For the record, I was never for the Cam Cameron hiring. And you’ll never find anything on the internet – or the outernet – that says I was.
Yes, John Beck looks like anything but the Dolphins’ quarterback of the future. But look at the early-career resume of Phil Simms with the Giants and John Elway with Denver. It would be polite to say they struggled early in New York and Denver. Really, they stunk. But they hung around long enough to get a hard shell and some experience, and they became two of the best quarterbacks of their era, obviously.
I’m not predicting superstardom for John Beck. But, if he does become the next Tom Brady, can’t say I didn’t warn ya. If he flames out, can’t say I didn’t warn ya.
A month ago, Brad Childress looked like he might be in over his head, and Vikings quarterback Tarvaris Jackson was overmatched. Minnesota fans were thinking, “Hmmm. Donovan McNabb sure will look good in purple next year.”

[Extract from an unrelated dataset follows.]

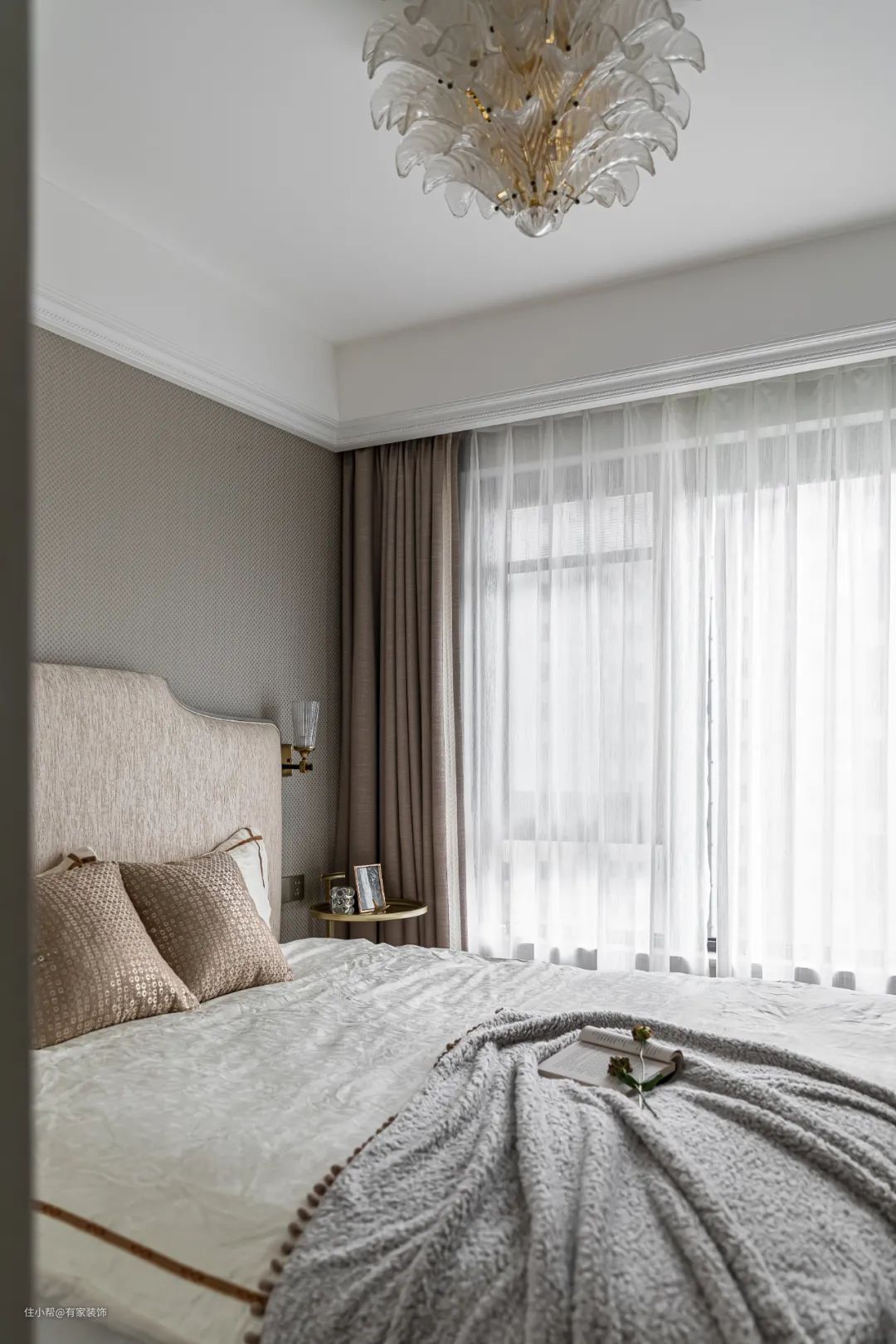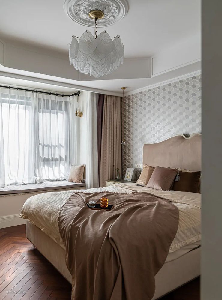 次卧整体浅咖色调,格子肌理墙布与亚麻材质窗帘尽显细腻质感。

The Vikes have gone on a 4-0 run since, with Jackson leading a run-heavy offense averaging 35 points a game — while completing a Brady-like 74 percent of his throws. Patience, people. Patience. So avoid the star system in the coaching office. Don’t go looking for an Urban Meyer to save your offense, or a Parcells to drag out of retirement again to put the fear of God in your undisciplined team. Doesn’t work.

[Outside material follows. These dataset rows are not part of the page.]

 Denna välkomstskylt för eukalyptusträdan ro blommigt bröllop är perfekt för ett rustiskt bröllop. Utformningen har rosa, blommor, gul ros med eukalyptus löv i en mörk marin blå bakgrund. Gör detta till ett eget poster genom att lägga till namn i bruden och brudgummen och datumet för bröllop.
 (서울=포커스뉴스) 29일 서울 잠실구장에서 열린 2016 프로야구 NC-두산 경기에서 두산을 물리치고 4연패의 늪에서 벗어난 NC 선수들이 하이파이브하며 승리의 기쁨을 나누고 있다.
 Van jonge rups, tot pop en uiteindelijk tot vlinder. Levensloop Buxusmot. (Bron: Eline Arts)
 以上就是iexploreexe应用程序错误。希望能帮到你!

Will I bash the inevitable Bill Cowher hiring? How ’bout the inevitable Kirk Frenetz hiring? Probably not. I’ll just hope that everyone forgets I wrote this column.
What caught my eye Sunday:
The faith Tony Romo showed in Jason Witten and the tight end’s historic day. “I should have been the goat today,” Witten said over the phone from Detroit. “But Tony didn’t give up on me.” With six minutes left, Romo hit Witten with a pass, and Witten bulled for what should have been the winning 10-yard touchdown … except he fumbled at the Lions 1, giving the ball back to Detroit.
“I’m coming back to you, so don’t worry,” Romo said to a downcast Witten, who thought he’d blown the game. When the Cowboys got it back, with 2:17 left on their 17, Romo drove the 83 yards, covering the last 16 yards with a throw to Witten running a skinny post, alone, near the goal line. Touchdown. As he usually does, Romo (35-of-44 on the day, another ridiculous day in a season full of them) sprinted to the end zone and screamed to Witten: “Way to make a play! You the man!” And he was, on this day.
There was a time I didn’t get the phrase “You’re the man!” Huh? I’m not saying that hip-hop culture has hurt our language, but from where else do declarations that one is the man come? The definitive article renders that phrase nonsense. Or so I thought. Now, I totally get it. I also like Jay-Z.
The Packers have a real, live star running back. This is not just a game or two of blessed relief for Brett Favre, who had to take the Green Bay offense on his shoulders for the first half of the season. It’s seven games. Over that span, Ryan Grant, acquired from the Giants for a sixth-round draft choice late in training camp, has averaged 102.4 yards per game. His 29-carry, 156-yard day against Oakland on Sunday was the kind of clock-eating performance Dorsey Levens used to give coach Mike Holmgren. “I really like the way he runs,” coach Mike McCarthy said afterward. “No wasted steps. One cut. Always moving forward. That’s the style in the NFL that works the best, I think. I’ve been around a few backs who run like that — Marcus Allen, Deuce McAllister, Frank Gore.”
Lofty company. Convenient that he came along in time for McCarthy to reduce Sunday’s workload on Favre, who still has some numbness in his throwing hand from the Nov. 29 banging of his funny bone on a Cowboy helmet.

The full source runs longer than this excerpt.